The Appellants in this case are a number of plaintiffs who brought suit against two Texas counties and various members of their sheriffs departments alleging civil rights and RICO violations. Eventually all defendants were dismissed from the suit except Montgomery County. The district court granted summary judgment against the plaintiffs on all issues, and the plaintiffs now appeal. This Court affirms in part, reverses in part, and remands the case for further proceedings.

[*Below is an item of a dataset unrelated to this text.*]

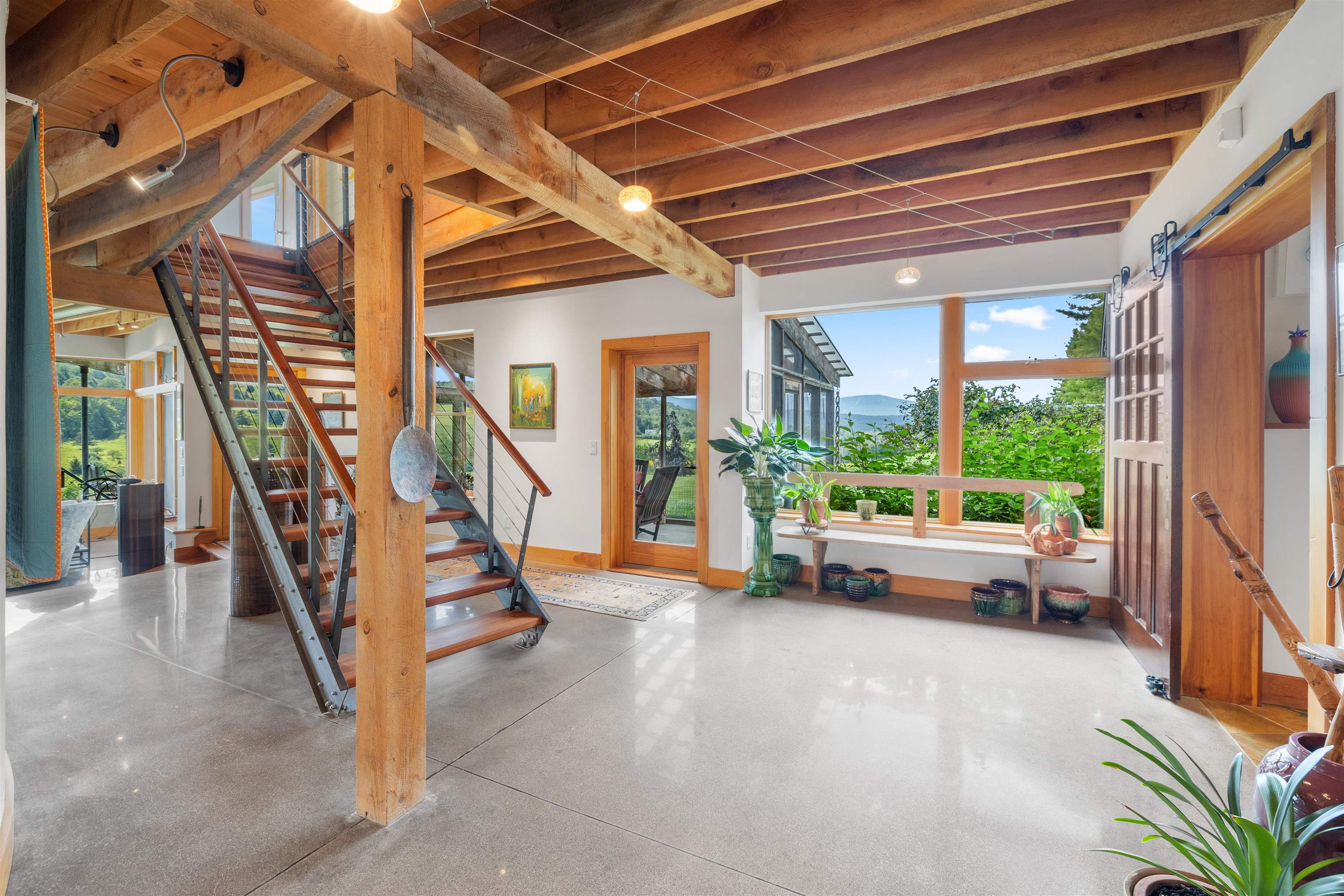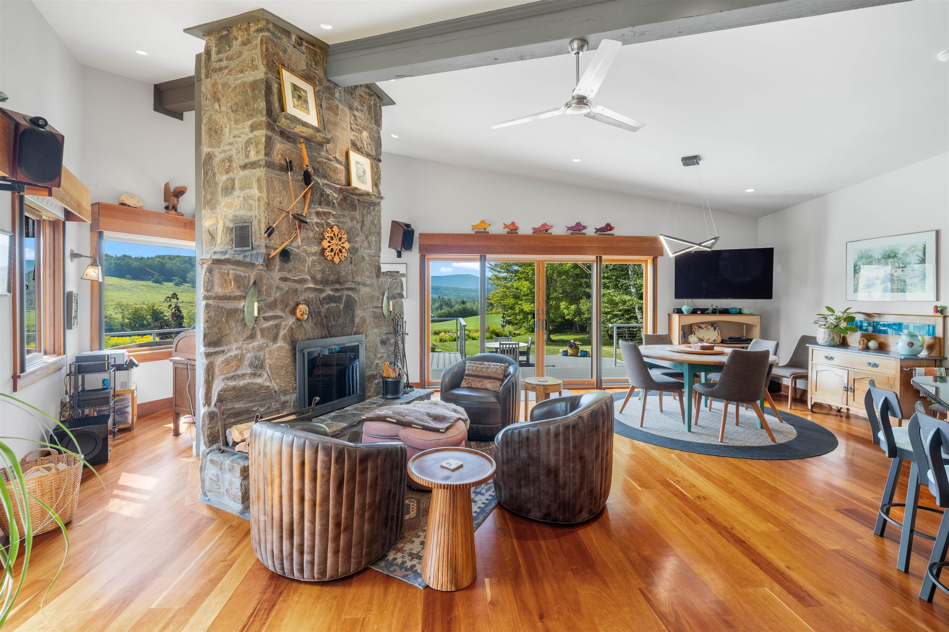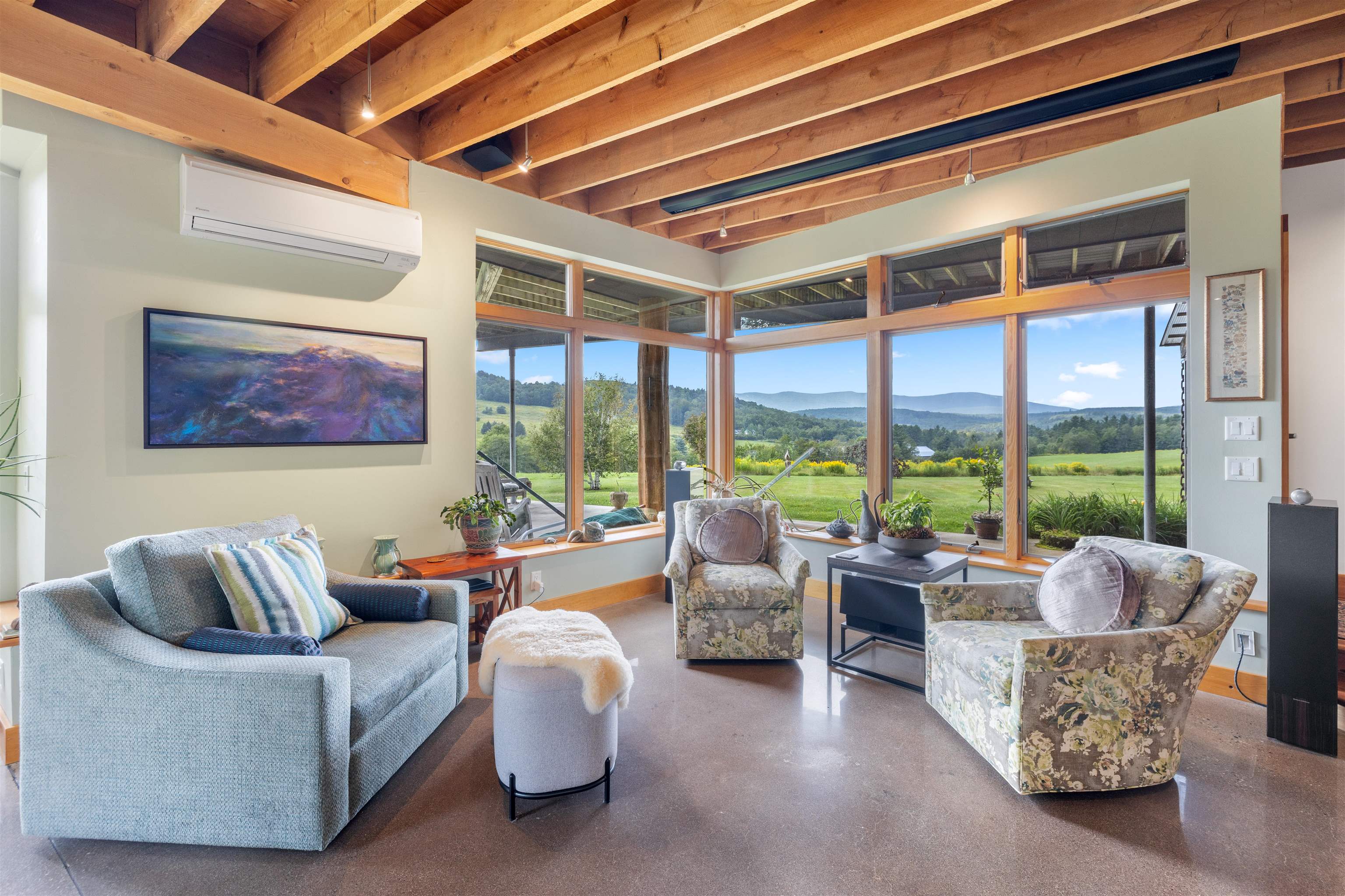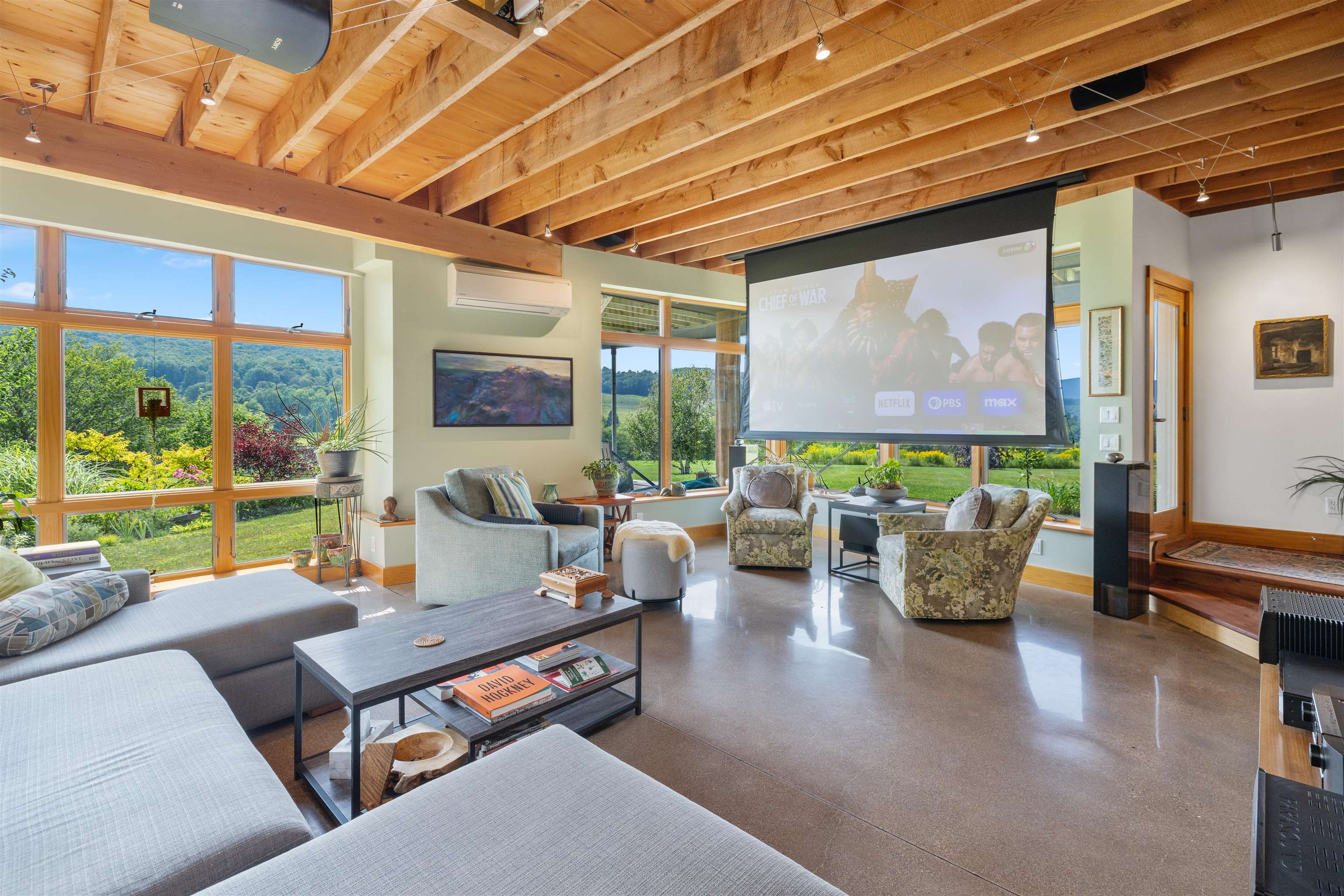Private Vermont Sanctuary with Spectacular Mountain Views. Tucked away on a quiet dead-end road, yet just minutes to Hermitage Club, Mount Snow and downtown Wilmington. Every room offers a view. Direct snowmobile access and walking trails! Set on 20 private acres in the heart of Vermont’s Green Mountains, the property features panoramic views of Haystack, Mount Snow, and the spine of the southern Green Mountains. With over 4, 200 square feet of thoughtfully designed living space, the interior boasts clean lines, a Primary suite with walk-in closet and spa-like bath. Floating staircase, a large foyer, and a screened-in porch for enjoying warm evenings. Vaulted ceilings, radiant heat throughout, and walls of windows frame the stunning mountain and valley vistas. Open-concept kitchen and dining area with granite countertops, custom cherry cabinets and flooring, large center island, and a massive stone fireplace. Direct access to multi-level decks. Spacious living room with exposed beams and a cozy sitting area with a Projection System and a Custom high-end audiophile Sound system. Oversized heated 3-car garage. Enjoy outdoor living at its best with beautifully maintained flower gardens, open fields, a mature mixed forest, a patio, a hot tub, an outdoor shower, and creek frontage.

I. Facts and Procedural History

In December 1987, the plaintiffs — a group of Montgomery County jail inmates, former inmates, and family members — filed this lawsuit alleging violations of their civil rights under 42 U.S.C. § 1983 and violations of the Racketeer Influenced and Corrupt Organizations Act (RICO), 18 U.S.C. §§ 1961-1968. Named as defendants in the original complaint were Montgomery County, Texas; Montgomery County Sheriff Joe Corley in his individual and official capacities; several deputies of the Montgomery County Sheriffs Department in their individual and official capacities; Harris County, Texas; and Harris County Sheriff Johnny Klevenhagen in his individual and official capacities. Harris County and all of the individual defendants were eventually dismissed by the plaintiffs, leaving Montgomery County (the County) as the only defendant. 1

*542 According to the complaint, two of the plaintiffs had filed earlier lawsuits against the sheriff of Montgomery County, Joe Cor-ley. All of the other plaintiffs were witnesses in one of those two lawsuits. The complaint alleged that Corley and other members of the sheriffs department engaged in a frightening pattern of physical violence and brutality against the plaintiffs in retaliation for bringing those earlier lawsuits. The complaint also alleged that the members of the sheriffs department pressured witnesses to give false testimony in order to manufacture criminal charges against several of the plaintiffs. The plaintiffs alleged that these acts were committed by members of the sheriffs department pursuant to Sheriff Cor-ley’s policy of encouraging deputies to use physical violence to punish uncooperative persons in their custody.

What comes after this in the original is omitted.